Carte mondiale HALTE au harcèlement sexuel dans la rue.
Cette carte mondiale produite par les usagers permet aux femmes d’indiquer sur une carte les endroits où elles ont subi du harcèlement sexuel ou des agressions dans les rues. Chaque marqueur porté sur la carte est accompagné d’une description du harcèlement subi par la victime.
Consultez différentes catégories de femmes et d’acteurs lors des processus de planification et d’aménagement des espaces publics.

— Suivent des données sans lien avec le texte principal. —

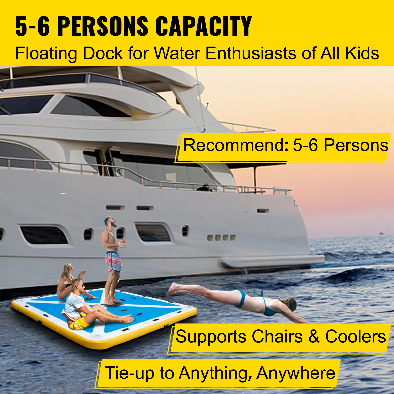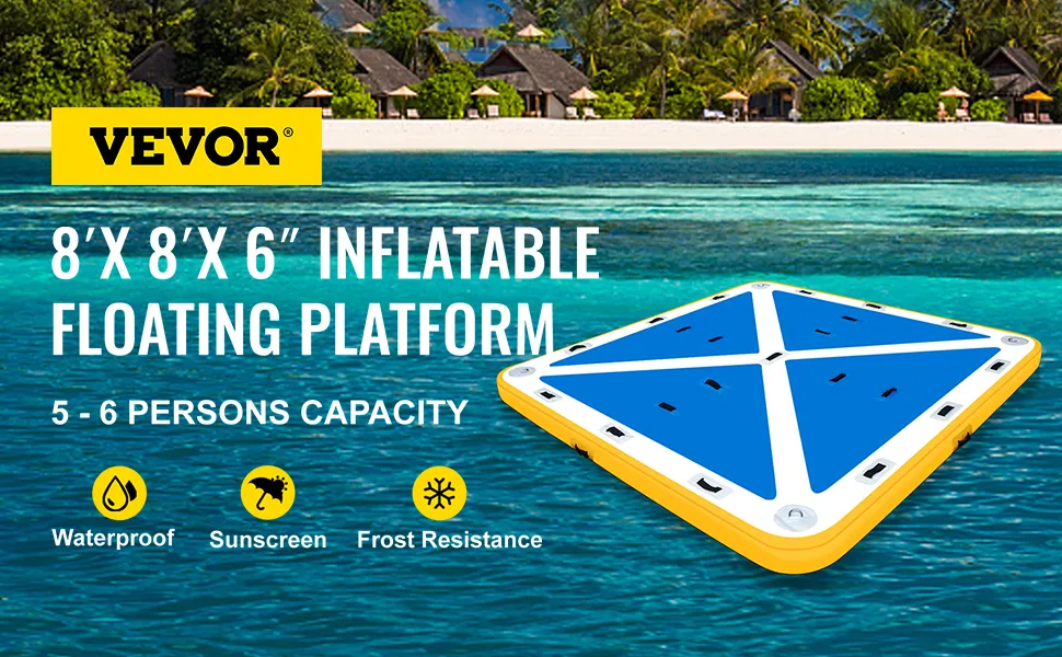 Il molo gonfiabile offre una lussuosa piattaforma da bagno estesa 8 piedi x 8 piedi. È progettato per darti spazio aggiuntivo per rilassarti, nuotare e rilassarti. È spesso 6 pollici per garantire la stabilità.
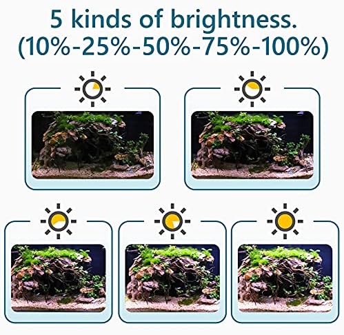 DIY MODE: Full spectrum aquarium light also can change the time + brightness + color. Setting time(TIMER key): 3 kinds of time, 6h, or 10h, or 12h; Brightness(up/down key): 5 kinds of brightness. Color(ON-OFF/ M key): White, Red, Blue, Green, Purple, Orange, Cyan, Cycle Color (no brightness selection)
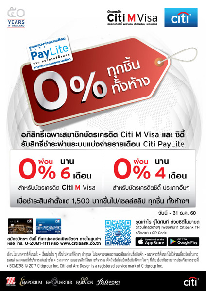 อภิสิทธิ์เฉพาะบัตรเดรดิตซิตี้ เอ็ม วีซ่า... รับสิทธิ์ชำระผ่านระบบแบ่งจ่ายรายเดือน Citi PayLite ผ่อน 0% นานสูงสุด 6 เดือน เมื่อชำระตั้งแต่ 1,500 บาทขึ้นไป/ เซลล์สลิป ทั้งห้างฯ
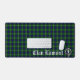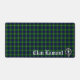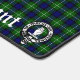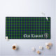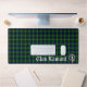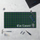 Stylish desk mat features Scottish Clan Lamont Crest Badge and text on tartan background.
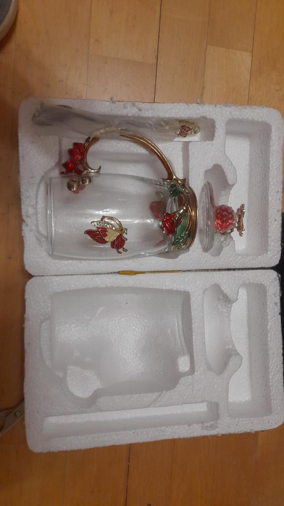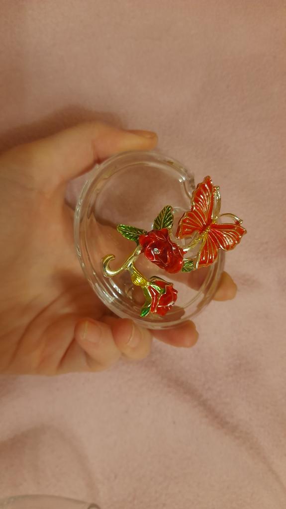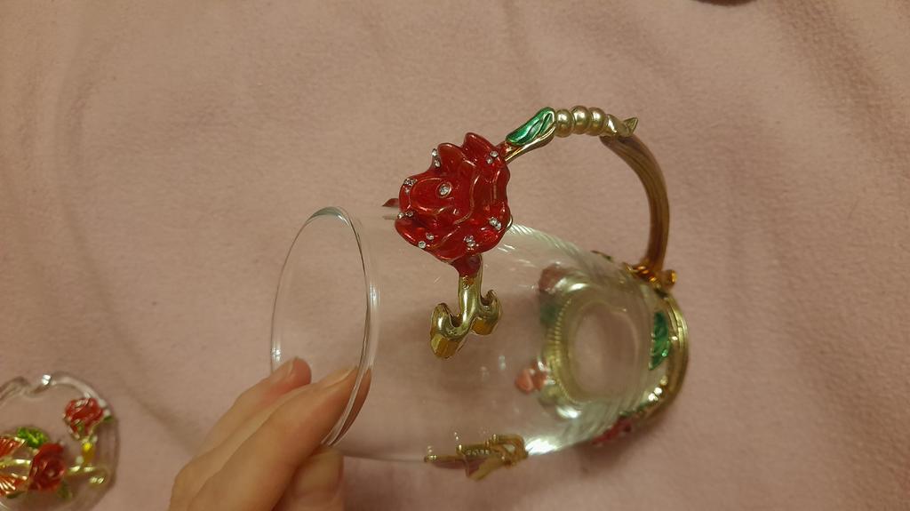 📲 Заказ оформлен 27.11.2023 прибыл 09.01.2024 г.Москва, в фирменном почтовом пакете Joom, объеденённая посылка. 📦 Упакован в противоударну коробку из пенопласта, и в пакет. Материал: стекло + легкий пластик (точно не метал) с краской и стразами. Ложка - металл + пластик. Колличество: кружка + крышка + ложка. 💳 Покупала по скидке за 1'043 руб. Внешне - очень довольна, в мою коллекцию роз 🌹 Продавца рекомендую 😁🤝

De même que les hommes et les femmes ressentent l’espace différemment, les femmes et les filles n’ont pas toutes des expériences identiques de la cité. Les femmes appartenant à divers groupes sont exposées à des dangers différents, en fonction d’un certain nombre de facteurs qui se chevauchent et qui les rendent vulnérables. Par exemple, les espaces publics comportent divers obstacles qui n’entravent que le déplacement des femmes handicapées. Mais plutôt que d’aborder le problème de l’accessibilité sous l’angle purement médical, les partenaires des programmes peuvent l’étudier comme un problème d’intégration. Sous cet angle, les urbanistes et autres responsables de l’aménagement urbain pourront identifier les facteurs environnementaux qui s’opposent à l’intégration des femmes handicapées dans la vie urbaine. Plus concrètement, ils pourront réaffirmer l’importance des principes d’aménagement urbain universels qui traitent l’accessibilité à la ville comme un droit normal plutôt qu’un privilège.

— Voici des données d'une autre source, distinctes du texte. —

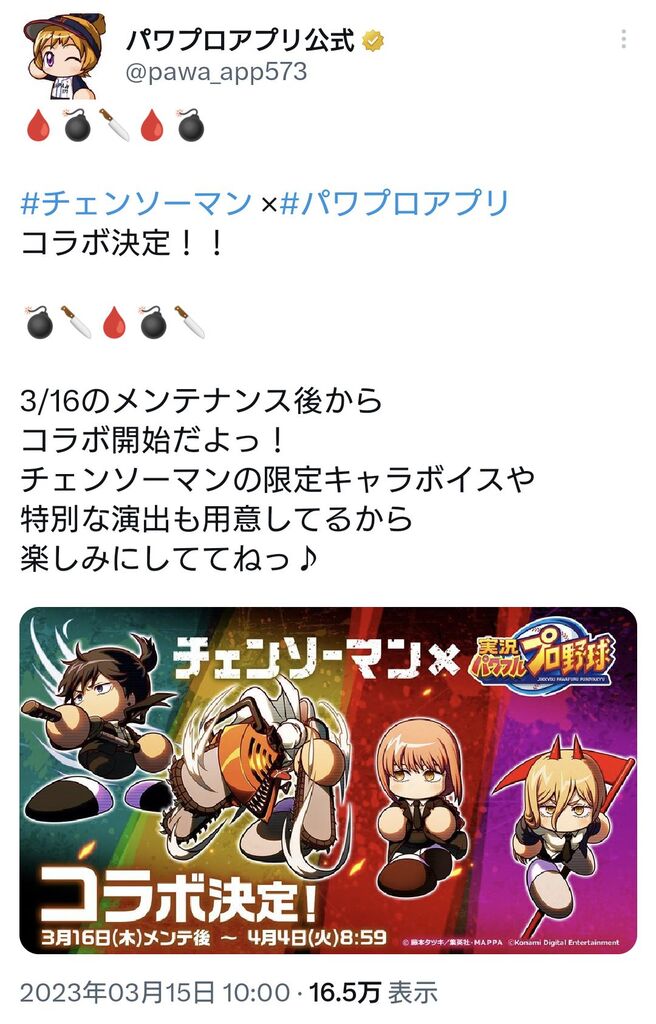 パワプロとチェンソーマン、コラボするWWWWWWWWWWWWWWWWWWWWWWWW【チェンソーマン】 2023/3/18 ジャンプ速報 " " 1: 風吹けば名無し 2023/03/15(水) 13:58:50.83 ID:clzL4uYPa 続きを読む Source: ジャンプ速報
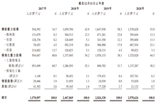 2017年-2020年,森松国际实现收入15.7亿元、24.68亿元、28.26亿元、29.79亿元,增速呈现逐年趋缓态势。其中,大部分收入来源于传统压力设备、模块化压力设备两大板块。

Les processus de planification et d’aménagement urbain doivent tenir compte de nombreux besoins et intérêts et déboucher sur des solutions sécuritaires satisfaisantes pour tous. De ce fait, l’aménagement participatif des espaces publics peut permettra aux différents groupes de femmes d’exprimer leurs besoins et attentes en fonction, par exemple, de leur âge, de leur niveau de compétences, de leur degré de mobilité, de leur préférence sexuelle, de leurs opinions politiques, de leur origine ethnique et de leur situation socioéconomique. Contrairement à l’aménagement d’espaces publics à l’usage d’une seule catégorie de femmes, le modèle participatif permet de représenter toute une gamme de besoins et de conceptions exprimées par les femmes dans toute leur diversité. L’approche participative et inclusive de l’aménagement de villes sûres passe par la consultation de groupes divers.
Exploitez les données qualitatives comme une source d’information utile sur les espaces publics. Les données qualitatives sont des informations qui reposent sur le vécu plutôt que sur des faits scientifiques. Elles comprennent les récits, les chansons, les poèmes, les entretiens, les lettres, les débats communautaires, les groupes de réflexion et les enquêtes sur les sentiments de la communauté, les connaissances, les attitudes et les pratiques (concernant, par exemple, la violence et le harcèlement sexuel à l’égard des femmes dans les lieux publics), ainsi que les conclusions tirées des audits en matière de sécurité et des méthodologies connexes. Normalement, les fichiers et la documentation réunis sur les expériences des femmes des lieux publics et de la sécurité sont considérés comme des données qualitatives. Les informations de cette nature sont essentielles à la planification et à l’aménagement d’un environnement urbain plus sécuritaire car elles reflètent les connaissances personnelles des femmes sur leur milieu urbain. Les urbanistes et autres décideurs devraient s’appuyer en priorité sur les données qualitatives pour décider si les lieux publics sont sûrs et accessibles aux femmes.